Count number of genes in genome

cd /data/putnamlab/tconn/predict_results

awk '$3 == "gene"' Acropora_pulchra.gff3 | wc -l
44371

cut -f 3 Acropora_pulchra.gff3 | sort | uniq
CDS
exon
gene
mRNA
tRNA

for reference: https://github.com/hputnam/Meth_Compare?tab=readme-ov-file

20241203

Talked with Ross and Trinity last week to discuss figures and tables to include in the paper. Meeting summary (by Trinity):

  • We agreed that I will take over the bulk of responsibility for writing the draft, with Jill & I listed as Co-First Authors
  • Our first deadline will be December 6th – I will have a rough draft prepared in the overleaf and will let everyone know when that’s done!
  • We will drop figures and such in the shared github – Jill and I will also keep in contact

Figures

  • image of pulchra + sampling/geographic distribution (Trinity)
  • potential Busco scores (Jill + whatever Trinity can help with!)
  • repeat content distribution (Trinity)
  • bioanalyzer result/sequence quality statistics (Supplementary?) Tables
  • comparison assembly statistics to sanger A.palmata & A.cervicornis, and A.digitifera & A.millepora genomes (Jill)
  • description of structural + functional annotation & comparison to other Acropora assemblies (Trinity)

Other tasks for Jill & Trinity

  • Jill & Trinity: do more literature searches on use of pacbio for detection of methylation data to provide context for Jill’s methylation analysis
  • Jill & Trinity: think a little more about whether we want to include any other non-acroporids in genome comparison

Trinity recently reran busco on our masked genome and it looks beautiful! 96.6% completeness!

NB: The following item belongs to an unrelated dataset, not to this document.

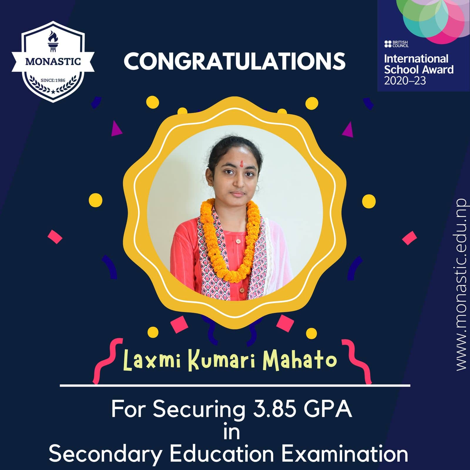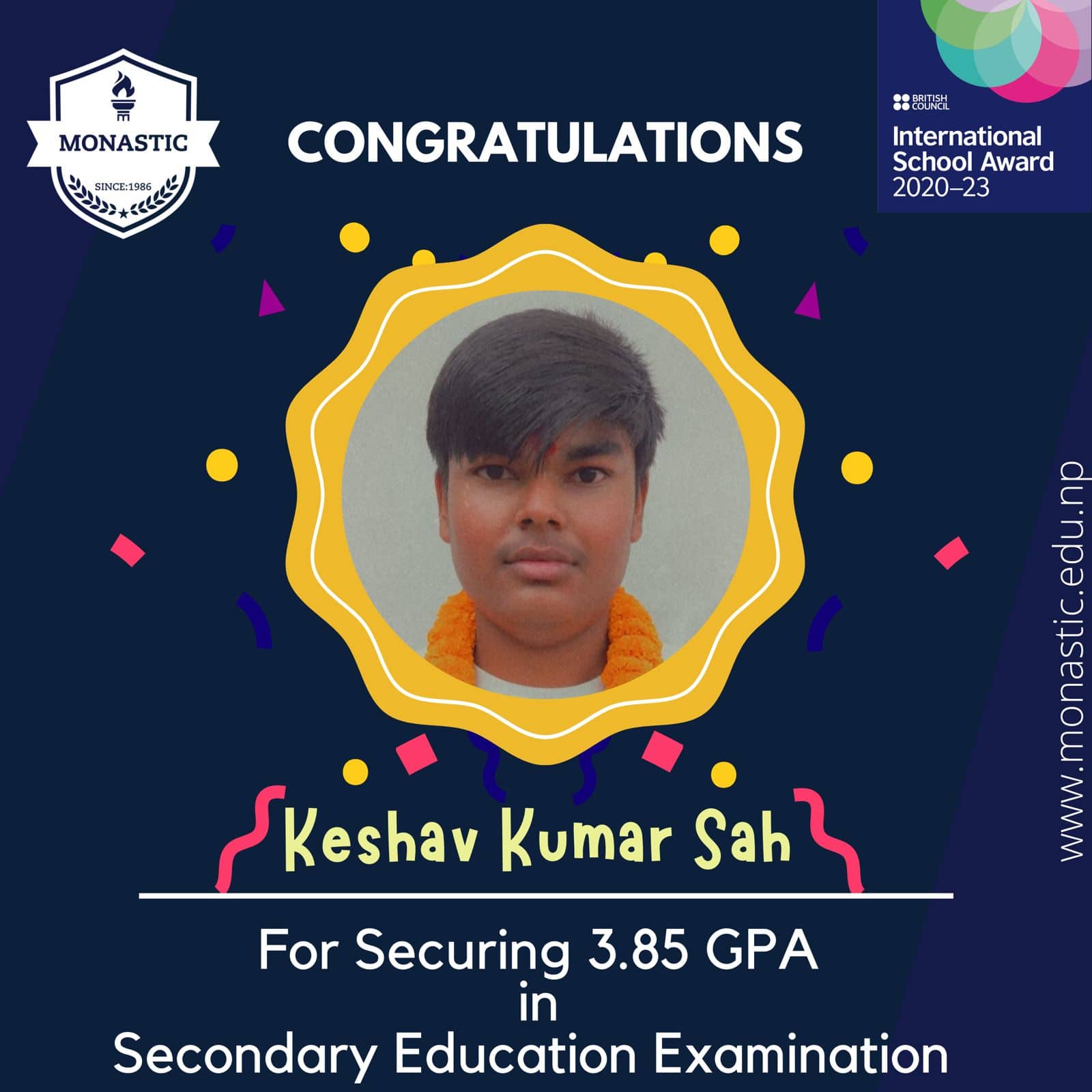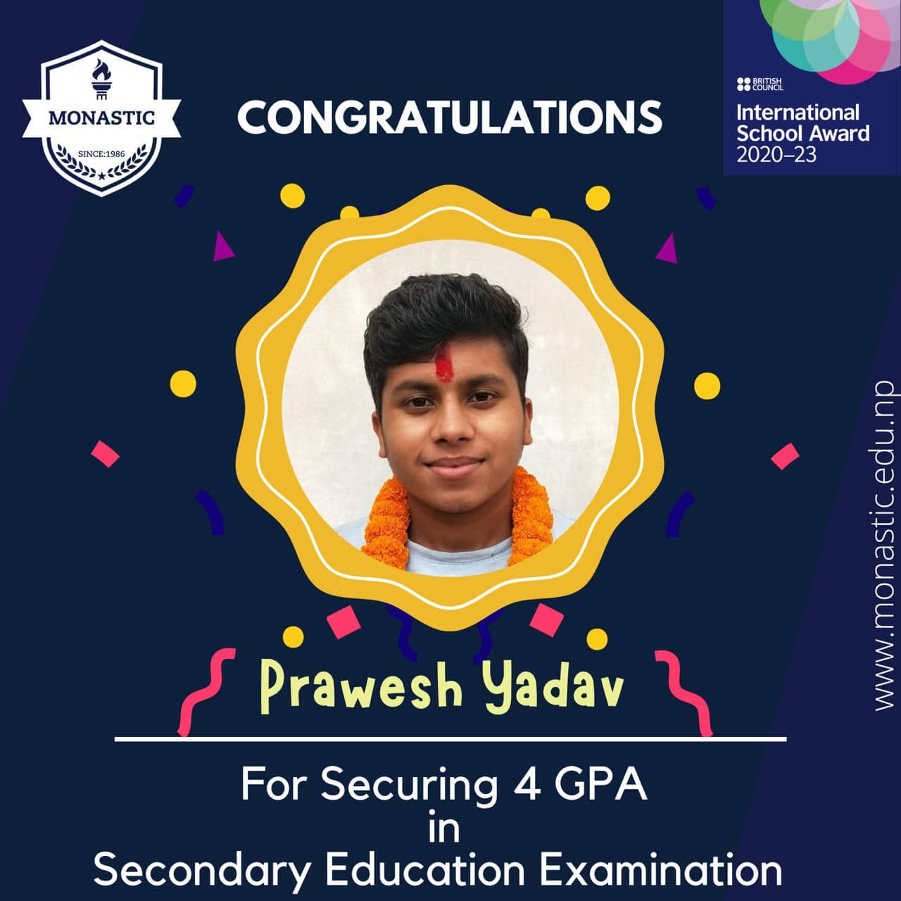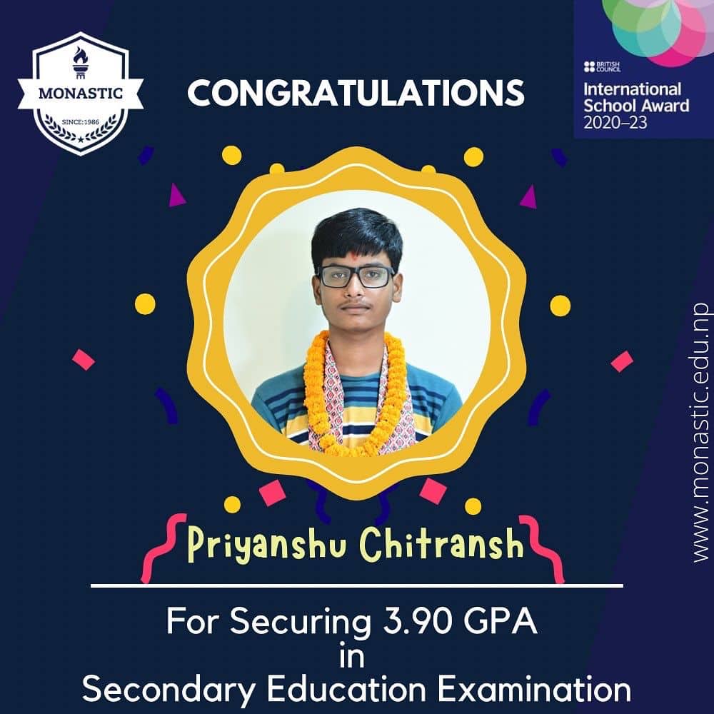 डा. साहले देशभरीमा ४२ जना विद्यार्थीले ४ जीपीए ल्याएकोमा त्यसमध्ये मोनाष्टिकका छात्र प्रवेश पनि एक रहेको बताए । प्रवेशले मधेस प्रदेशभरिमै सर्वोत्कृष्ट नतिजा ल्याएको सञ्चालक साहले बताए ।

I now need to run busco on the other genomes to compare completeness. We decided to look at Amillepora, Adigitifera, Acervicornis, and Apalmata (see table).

Amil BUSCO: cd /data/putnamlab/jillashey/genome/Amil_v2.01. In this folder: nano amil_busco.sh

#!/bin/bash 
#SBATCH -t 24:00:00
#SBATCH --nodes=1 --ntasks-per-node=15
#SBATCH --export=NONE
#SBATCH --mem=100GB
#SBATCH --mail-type=BEGIN,END,FAIL #email you when job starts, stops and/or fails
#SBATCH --mail-user=jillashey@uri.edu #your email to send notifications
#SBATCH --account=putnamlab
#SBATCH -D /data/putnamlab/jillashey/genome/Amil_v2.01
#SBATCH -o slurm-%j.out
#SBATCH -e slurm-%j.error

echo "Begin busco on Amil fasta" $(date)

labbase=/data/putnamlab
busco_shared="${labbase}/shared/busco"
[ -z "$query" ] && query="${labbase}/jillashey/genome/Amil_v2.01/Amil.v2.01.chrs.fasta" # set this to the query (genome/transcriptome) you are running
[ -z "$db_to_compare" ] && db_to_compare="${busco_shared}/downloads/lineages/metazoa_odb10"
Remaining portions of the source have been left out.